The records:
===============

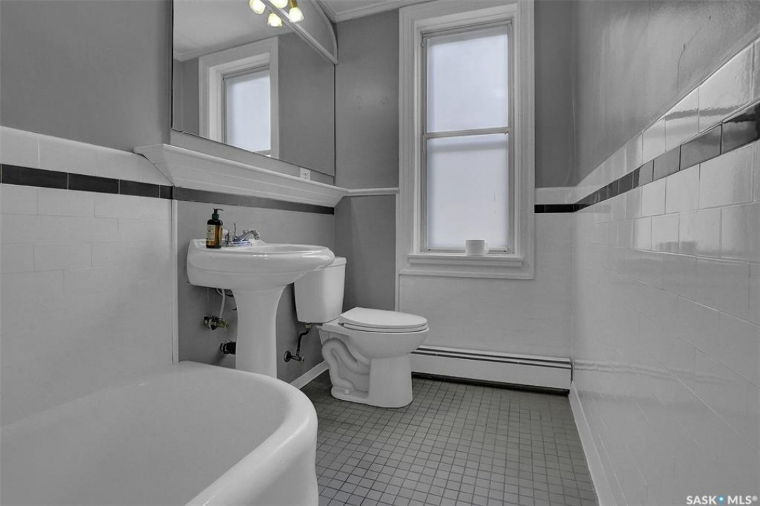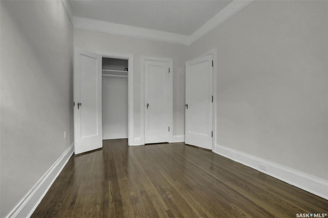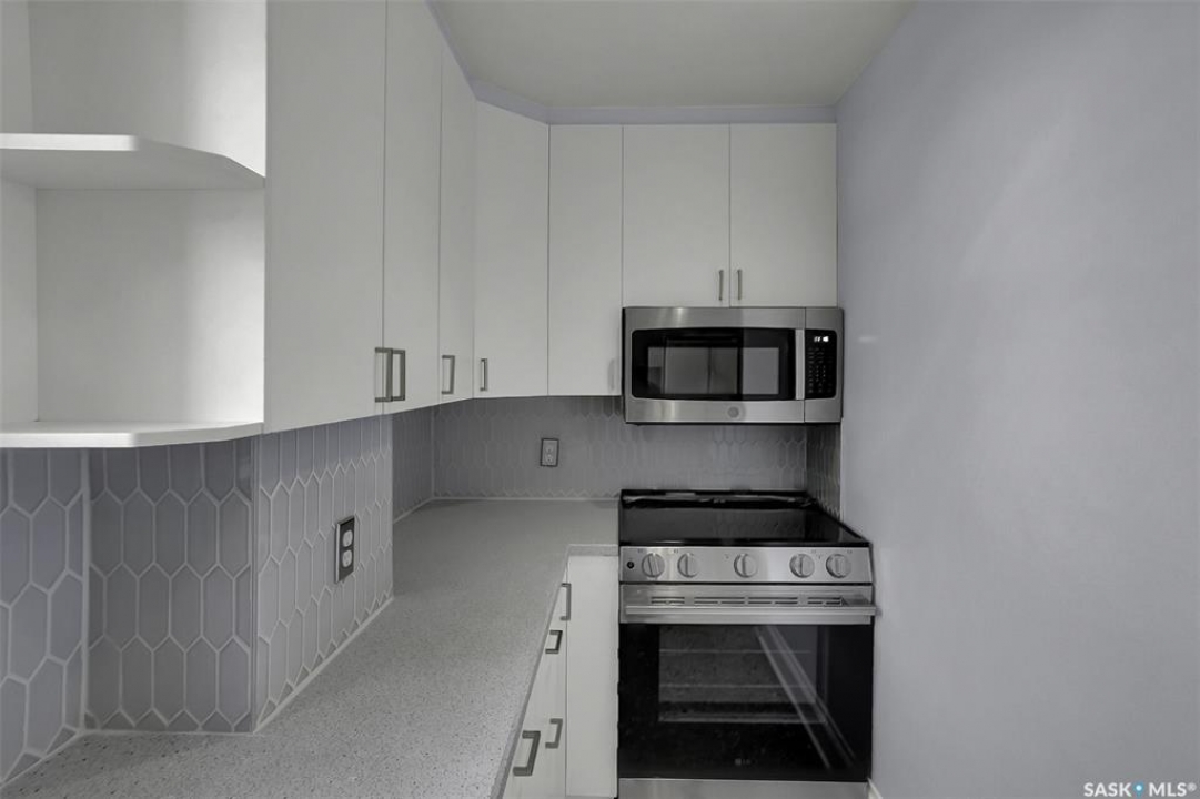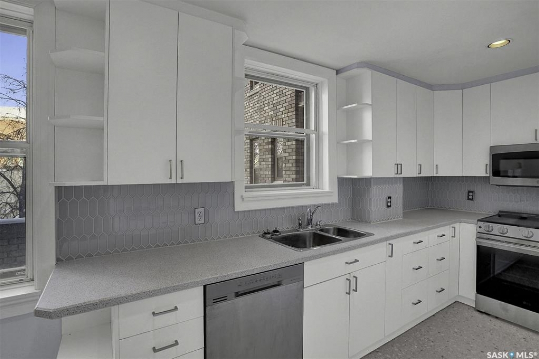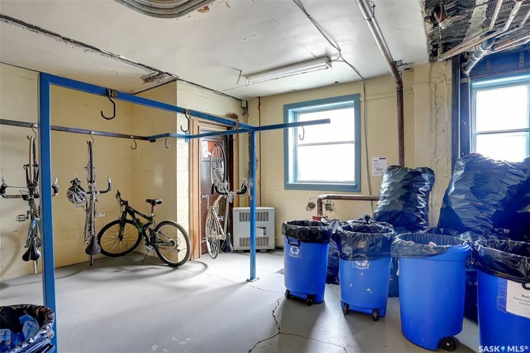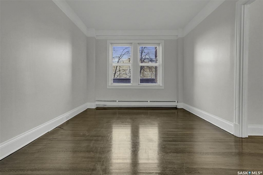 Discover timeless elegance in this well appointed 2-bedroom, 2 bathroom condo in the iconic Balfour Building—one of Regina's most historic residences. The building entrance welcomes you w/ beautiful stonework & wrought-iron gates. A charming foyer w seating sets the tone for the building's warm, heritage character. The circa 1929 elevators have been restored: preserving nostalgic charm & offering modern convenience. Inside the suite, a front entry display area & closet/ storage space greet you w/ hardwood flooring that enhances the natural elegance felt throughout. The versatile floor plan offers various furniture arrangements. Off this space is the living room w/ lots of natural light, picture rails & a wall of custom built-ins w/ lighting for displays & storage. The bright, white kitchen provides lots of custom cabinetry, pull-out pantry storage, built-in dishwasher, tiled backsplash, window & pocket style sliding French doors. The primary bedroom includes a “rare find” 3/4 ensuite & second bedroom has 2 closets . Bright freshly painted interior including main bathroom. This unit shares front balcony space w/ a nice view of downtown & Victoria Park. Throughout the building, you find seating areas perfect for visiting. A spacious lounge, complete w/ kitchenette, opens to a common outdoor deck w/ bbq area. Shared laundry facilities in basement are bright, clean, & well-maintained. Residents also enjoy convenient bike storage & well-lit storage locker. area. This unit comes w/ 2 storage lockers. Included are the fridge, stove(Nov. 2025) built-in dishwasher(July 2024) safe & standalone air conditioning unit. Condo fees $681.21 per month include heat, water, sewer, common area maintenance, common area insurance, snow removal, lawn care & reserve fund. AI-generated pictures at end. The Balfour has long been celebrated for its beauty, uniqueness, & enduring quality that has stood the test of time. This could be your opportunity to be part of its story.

===============

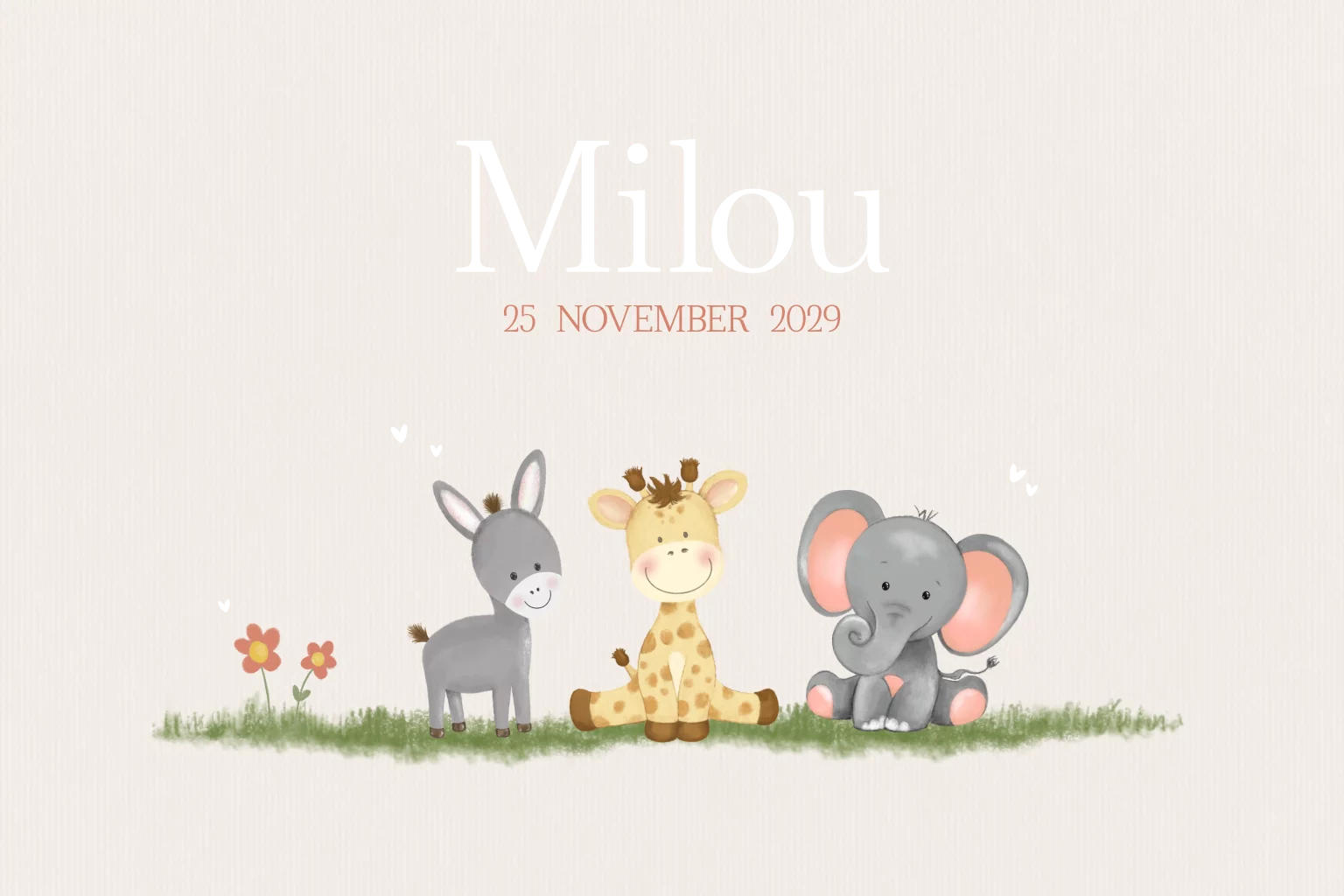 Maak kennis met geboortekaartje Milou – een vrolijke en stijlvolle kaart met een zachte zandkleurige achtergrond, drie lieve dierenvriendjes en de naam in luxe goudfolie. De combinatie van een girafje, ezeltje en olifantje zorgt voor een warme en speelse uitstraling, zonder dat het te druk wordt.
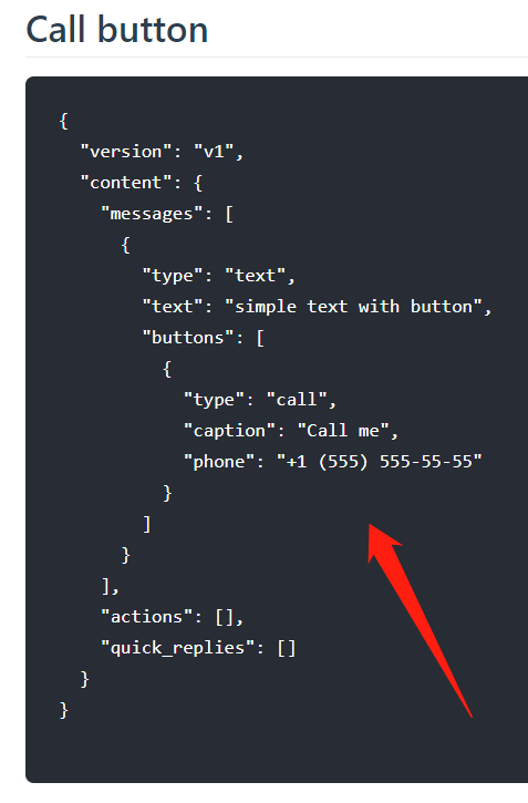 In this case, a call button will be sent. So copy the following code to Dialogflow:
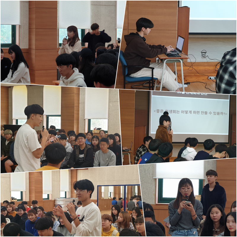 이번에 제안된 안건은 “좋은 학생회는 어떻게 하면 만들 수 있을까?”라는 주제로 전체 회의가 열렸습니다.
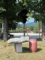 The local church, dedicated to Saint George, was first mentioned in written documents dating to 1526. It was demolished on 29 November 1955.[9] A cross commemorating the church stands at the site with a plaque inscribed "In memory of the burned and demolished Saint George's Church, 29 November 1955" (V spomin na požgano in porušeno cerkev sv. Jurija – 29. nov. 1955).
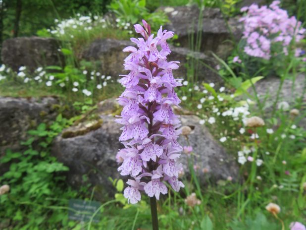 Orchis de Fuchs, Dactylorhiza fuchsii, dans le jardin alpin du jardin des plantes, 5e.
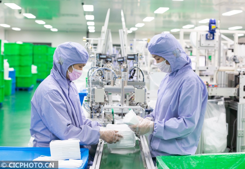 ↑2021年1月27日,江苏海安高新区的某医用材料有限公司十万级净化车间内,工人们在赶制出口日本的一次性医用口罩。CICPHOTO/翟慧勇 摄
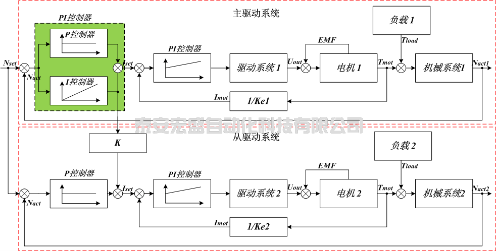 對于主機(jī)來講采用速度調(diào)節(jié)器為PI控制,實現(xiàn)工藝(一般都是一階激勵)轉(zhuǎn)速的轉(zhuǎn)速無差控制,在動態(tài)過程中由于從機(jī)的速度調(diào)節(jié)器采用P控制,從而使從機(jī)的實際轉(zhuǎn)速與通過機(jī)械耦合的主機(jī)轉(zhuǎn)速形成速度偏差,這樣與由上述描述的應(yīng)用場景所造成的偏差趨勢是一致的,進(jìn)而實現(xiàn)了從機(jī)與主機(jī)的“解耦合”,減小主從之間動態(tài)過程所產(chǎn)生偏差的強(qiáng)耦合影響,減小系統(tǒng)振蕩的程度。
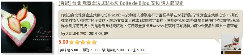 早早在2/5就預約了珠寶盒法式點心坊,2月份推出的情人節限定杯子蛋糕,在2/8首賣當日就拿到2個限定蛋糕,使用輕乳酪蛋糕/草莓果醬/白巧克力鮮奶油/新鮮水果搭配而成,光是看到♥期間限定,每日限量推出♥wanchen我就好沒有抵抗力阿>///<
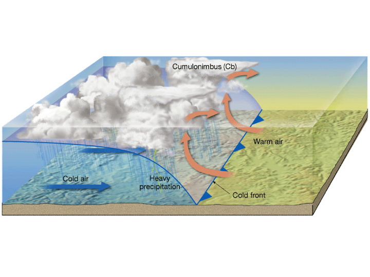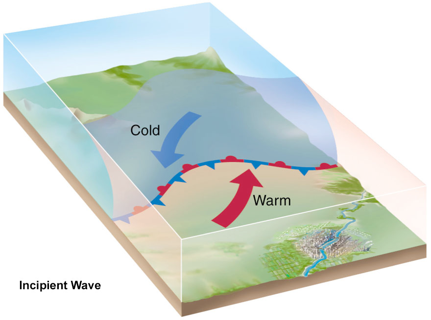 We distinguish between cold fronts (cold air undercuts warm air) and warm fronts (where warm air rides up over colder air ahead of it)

===============

What the task asks:
Please output, exactly as written, the lines above from the one holding "對于主機(jī)來講采用速度" through the one holding "We distinguish between", both included, with the pictures omitted.

Output below:
 對于主機(jī)來講采用速度調(diào)節(jié)器為PI控制,實現(xiàn)工藝(一般都是一階激勵)轉(zhuǎn)速的轉(zhuǎn)速無差控制,在動態(tài)過程中由于從機(jī)的速度調(diào)節(jié)器采用P控制,從而使從機(jī)的實際轉(zhuǎn)速與通過機(jī)械耦合的主機(jī)轉(zhuǎn)速形成速度偏差,這樣與由上述描述的應(yīng)用場景所造成的偏差趨勢是一致的,進(jìn)而實現(xiàn)了從機(jī)與主機(jī)的“解耦合”,減小主從之間動態(tài)過程所產(chǎn)生偏差的強(qiáng)耦合影響,減小系統(tǒng)振蕩的程度。
 早早在2/5就預約了珠寶盒法式點心坊,2月份推出的情人節限定杯子蛋糕,在2/8首賣當日就拿到2個限定蛋糕,使用輕乳酪蛋糕/草莓果醬/白巧克力鮮奶油/新鮮水果搭配而成,光是看到♥期間限定,每日限量推出♥wanchen我就好沒有抵抗力阿>///<
 We distinguish between cold fronts (cold air undercuts warm air) and warm fronts (where warm air rides up over colder air ahead of it)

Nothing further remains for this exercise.